BEGIN Excerpted data

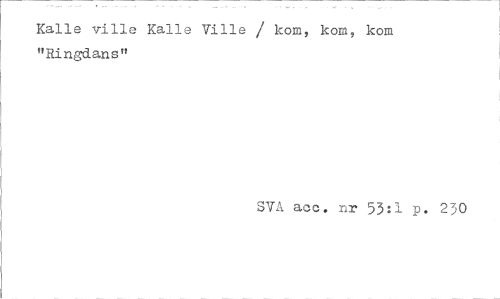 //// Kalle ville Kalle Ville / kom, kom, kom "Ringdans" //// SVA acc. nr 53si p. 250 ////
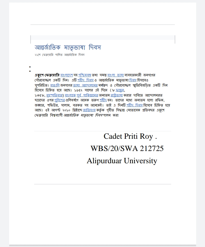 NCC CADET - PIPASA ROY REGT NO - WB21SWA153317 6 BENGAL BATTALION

END Excerpted data
BEGIN Excerpted data

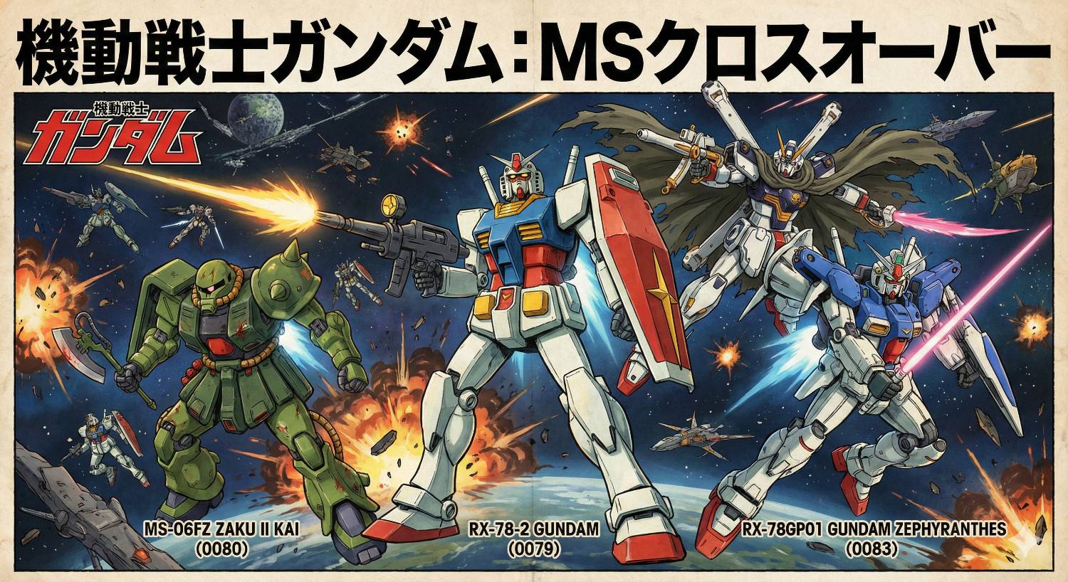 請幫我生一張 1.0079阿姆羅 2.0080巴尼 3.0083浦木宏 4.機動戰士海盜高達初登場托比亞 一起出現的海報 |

END Excerpted data

What to work on
With the pictures left out, write out exactly the lines above from the one containing "53si p. 250 ////" through the one containing "NCC CADET - PIPASA".

Answer box
 //// Kalle ville Kalle Ville / kom, kom, kom "Ringdans" //// SVA acc. nr 53si p. 250 ////
 NCC CADET - PIPASA ROY REGT NO - WB21SWA153317 6 BENGAL BATTALION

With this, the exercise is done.